▶ _WHAT TO DO_
Reproduce the data below in full and to the letter, images excepted.

▶ _DATA TO EXAMINE_
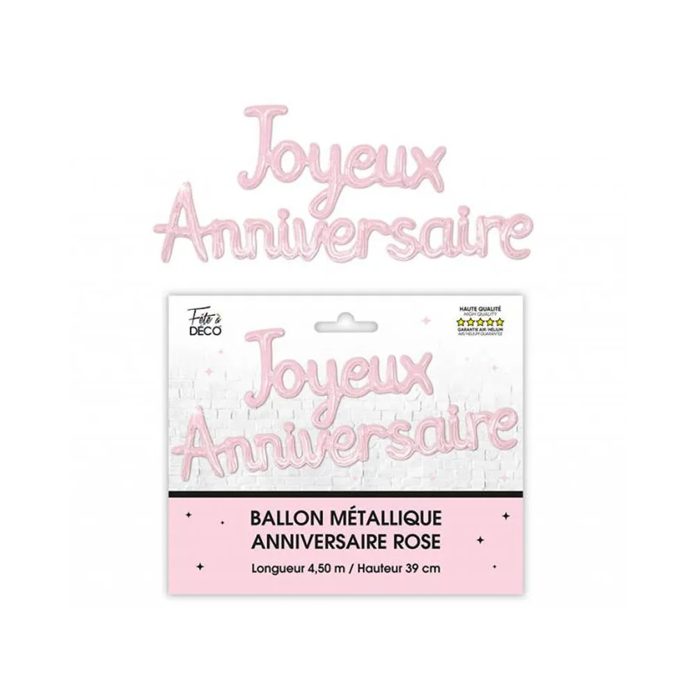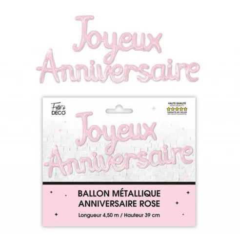 Ballons métalliques couleur qui forment le mot Joyeux Anniversaire. A accrocher en suspension ou fixé sur un mur avec un adhésif double face.
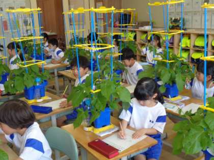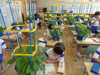 1年竹組 生活科 公開日 2023/06/20 更新日 2023/06/20 1年生 朝顔の観察カードを書きました。葉っぱが自分の手や顔より大きくなっているや支柱のてっぺんまで来ていることに驚いていました。水をあげるお世話を続けてきたからだなと感じていました。
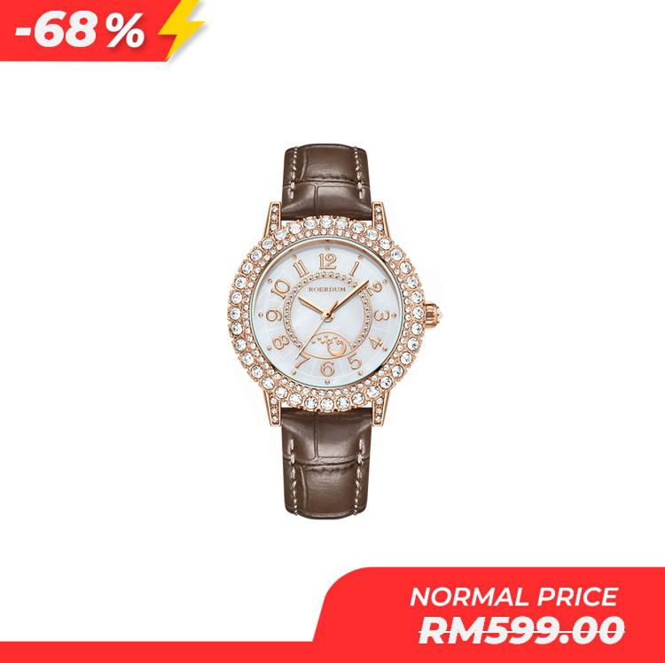 • Encased in rose gold, symbolizing stability and grace, the watch features 150 meticulously cut zircons, highlighting its dazzling elegance
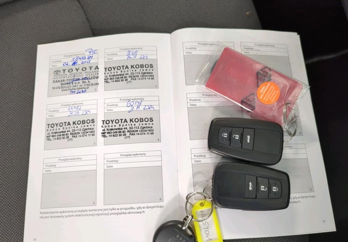 na bieżąco serwisowany, ostatni przegląd odbył się przy przebiegu 60.138 km w listopadzie 2024 wykonany w ASO Toyota Kobos
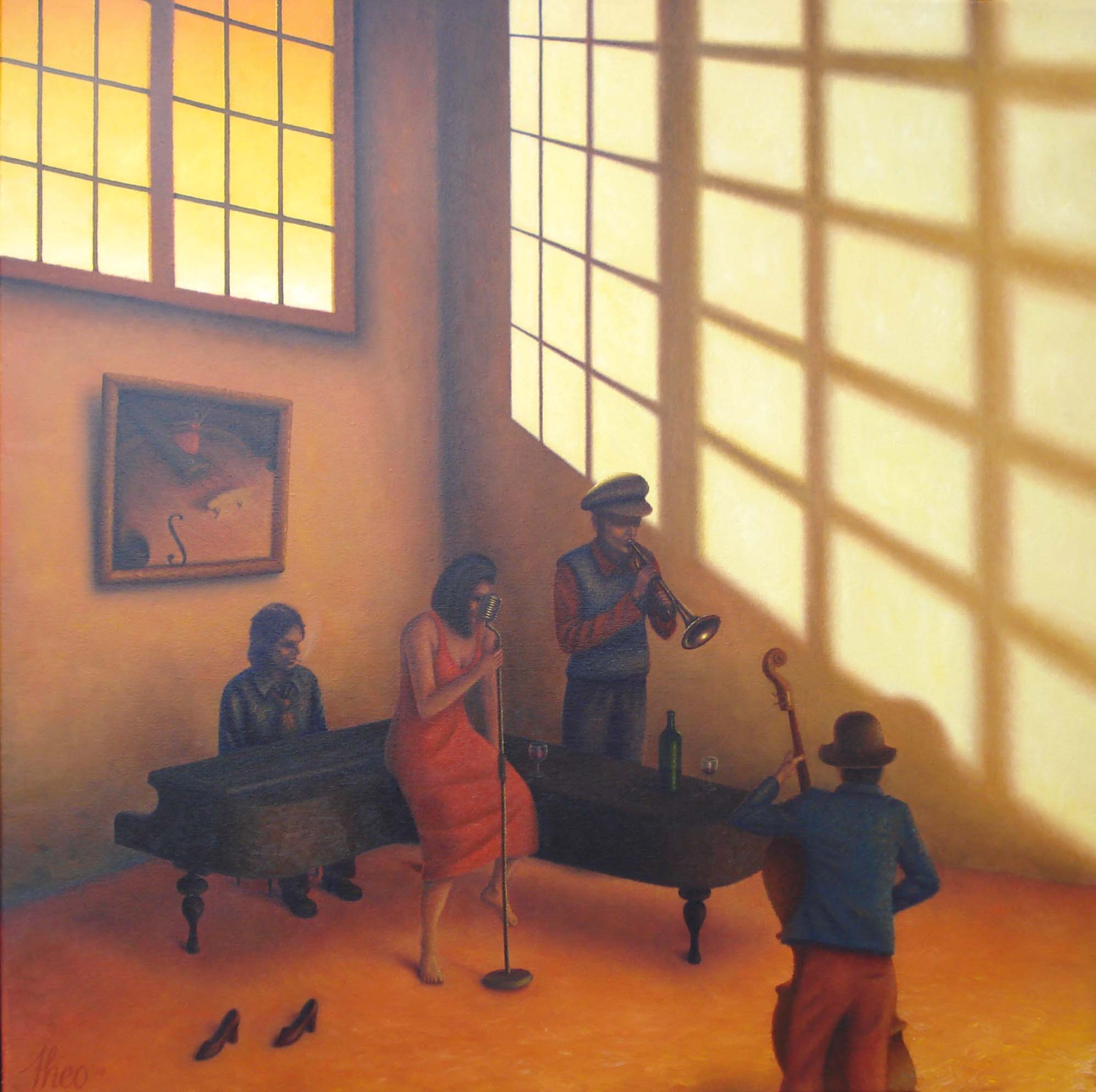 Na het voltooien van een grafische opleiding en jarenlange zelfstudie is Theo Leering sinds enige tijd full time werkzaam als beeldend kunstenaar. Zijn stijl valt moeilijk in één hokje te plaatsen maar is altijd figuratief. Het beweegt tussen realistisch en absurdistisch en is vaak melancholisch van toon. Achter deze melancholie schuilt te allen tijde een sprankje hoop. De thema’s lopen sterk uiteen al speelt muziek in veel van zijn werk een belangrijke rol. In principe kan alles wat op zijn netvlies verschijnt, hoe klein of ogenschijnlijk nutteloos ook, dienen als idee voor een schilderij. In opdracht maakt Theo portretten en muurschilderingen. Daarnaast geeft hij een aantal dagdelen per week les in tekenen en schilderen.
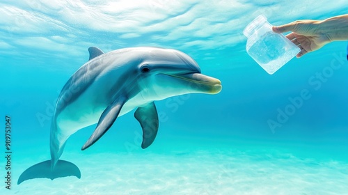 © ADD PHOTO, Naklejka premium Dolphin Interacting with Human Underwater Scene
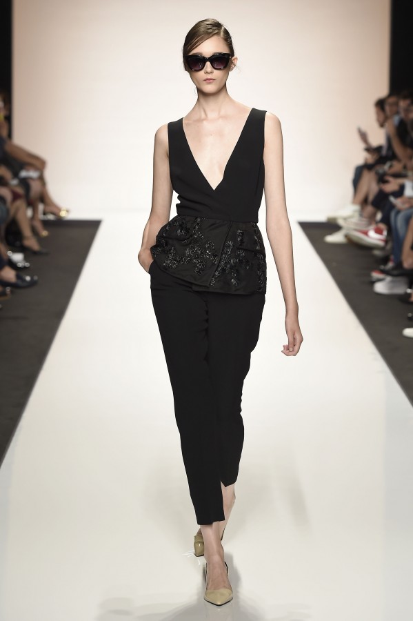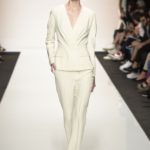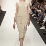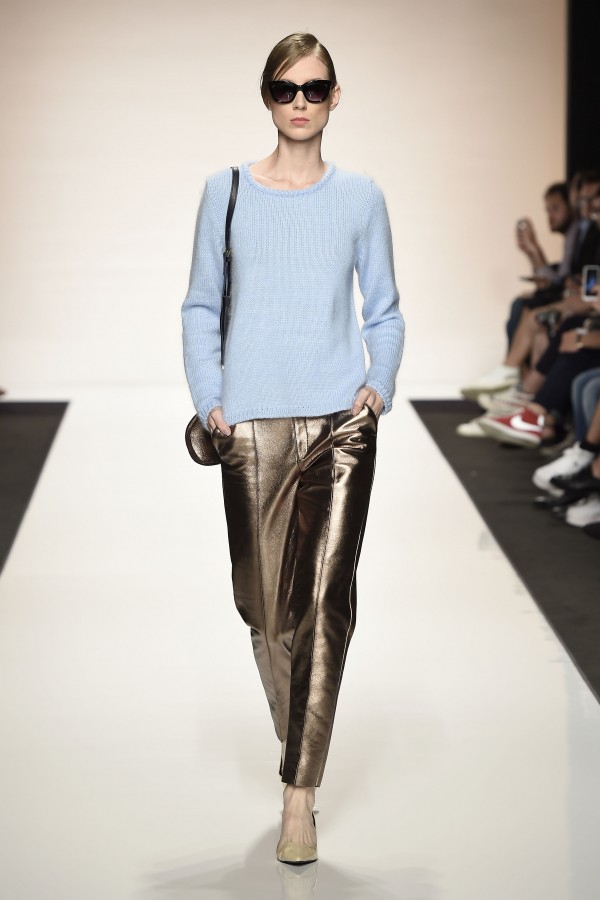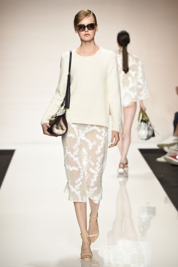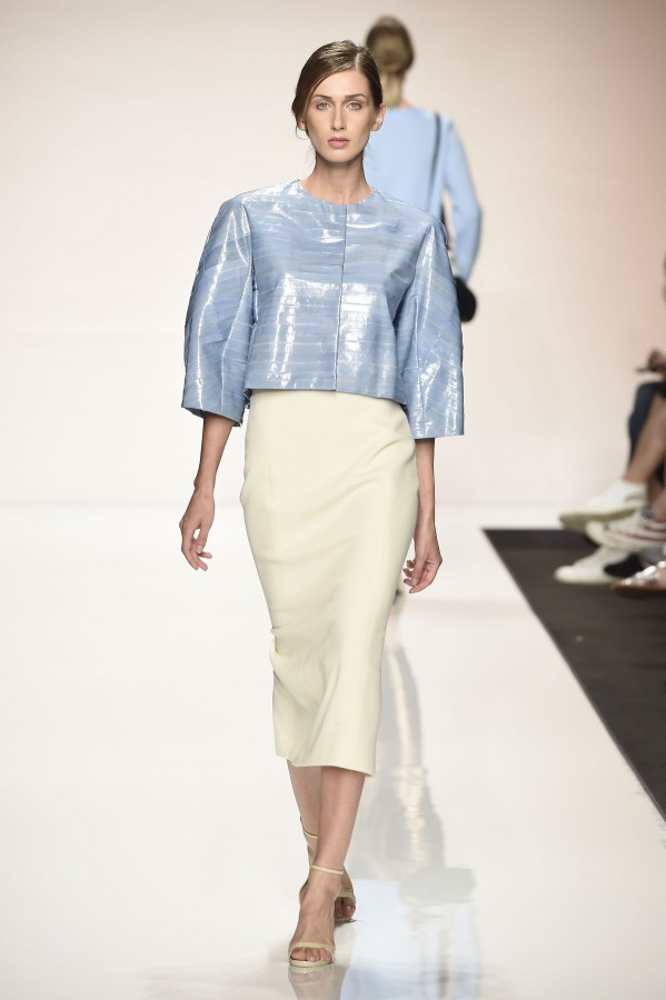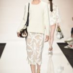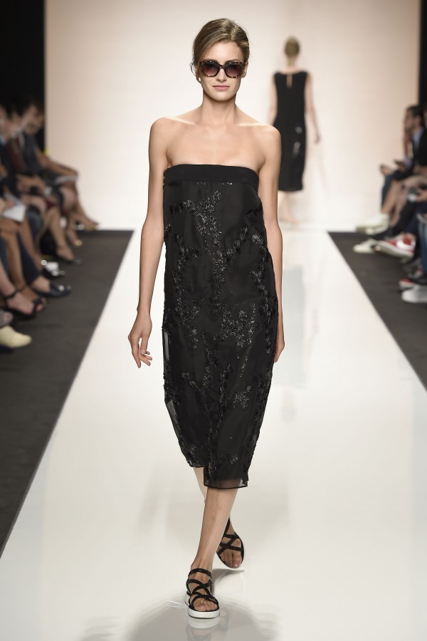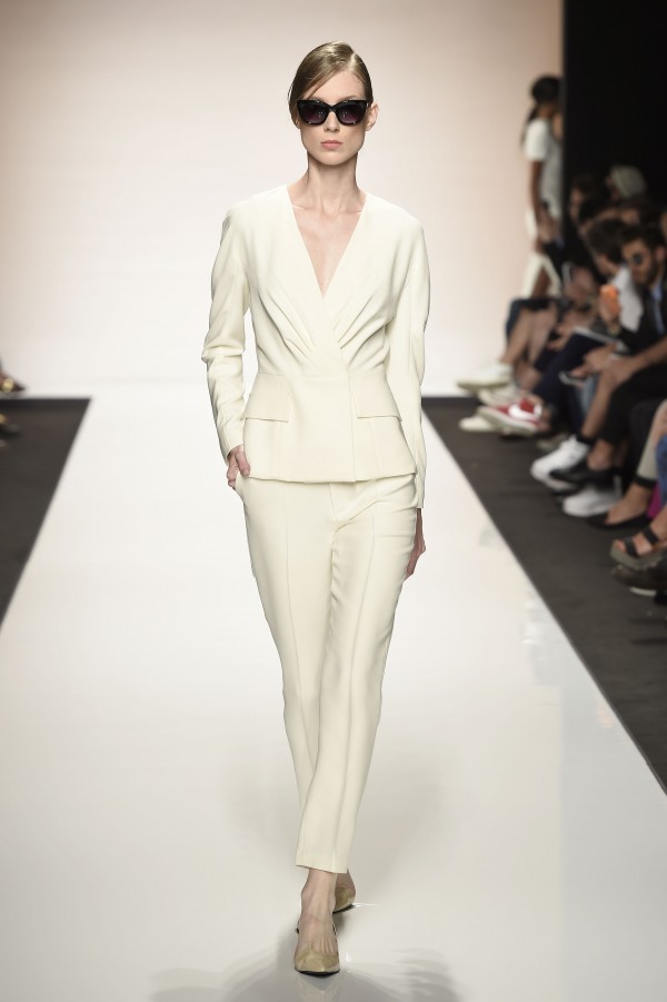 La semplicità della linea delle bluse e di alcuni abiti è impreziosita da ricami floreali ton sur ton. I materiali sono molto vari, le sete charmeuse etwill, le organze trasparenti, le viscose, i materiali lucidi per la gonna e il giacchino corto celeste acqua, e poi la lana. La paletta dei colori è dominata dai neutri, avorio, albume e nocciola, perla iridescente, vira poi sui verde e azzurro acqua, menta e ristagna su bronzo e nero metallizzati. Sandali bassi intrecciati anche sugli abiti più eleganti e comunque sempre sandali o un decolté neutro molto elegante.

▶ _RESPONSE FOR THIS EXERCISE_
 Ballons métalliques couleur qui forment le mot Joyeux Anniversaire. A accrocher en suspension ou fixé sur un mur avec un adhésif double face.
 1年竹組 生活科 公開日 2023/06/20 更新日 2023/06/20 1年生 朝顔の観察カードを書きました。葉っぱが自分の手や顔より大きくなっているや支柱のてっぺんまで来ていることに驚いていました。水をあげるお世話を続けてきたからだなと感じていました。
 • Encased in rose gold, symbolizing stability and grace, the watch features 150 meticulously cut zircons, highlighting its dazzling elegance
 na bieżąco serwisowany, ostatni przegląd odbył się przy przebiegu 60.138 km w listopadzie 2024 wykonany w ASO Toyota Kobos
 Na het voltooien van een grafische opleiding en jarenlange zelfstudie is Theo Leering sinds enige tijd full time werkzaam als beeldend kunstenaar. Zijn stijl valt moeilijk in één hokje te plaatsen maar is altijd figuratief. Het beweegt tussen realistisch en absurdistisch en is vaak melancholisch van toon. Achter deze melancholie schuilt te allen tijde een sprankje hoop. De thema’s lopen sterk uiteen al speelt muziek in veel van zijn werk een belangrijke rol. In principe kan alles wat op zijn netvlies verschijnt, hoe klein of ogenschijnlijk nutteloos ook, dienen als idee voor een schilderij. In opdracht maakt Theo portretten en muurschilderingen. Daarnaast geeft hij een aantal dagdelen per week les in tekenen en schilderen.
 © ADD PHOTO, Naklejka premium Dolphin Interacting with Human Underwater Scene
 La semplicità della linea delle bluse e di alcuni abiti è impreziosita da ricami floreali ton sur ton. I materiali sono molto vari, le sete charmeuse etwill, le organze trasparenti, le viscose, i materiali lucidi per la gonna e il giacchino corto celeste acqua, e poi la lana. La paletta dei colori è dominata dai neutri, avorio, albume e nocciola, perla iridescente, vira poi sui verde e azzurro acqua, menta e ristagna su bronzo e nero metallizzati. Sandali bassi intrecciati anche sugli abiti più eleganti e comunque sempre sandali o un decolté neutro molto elegante.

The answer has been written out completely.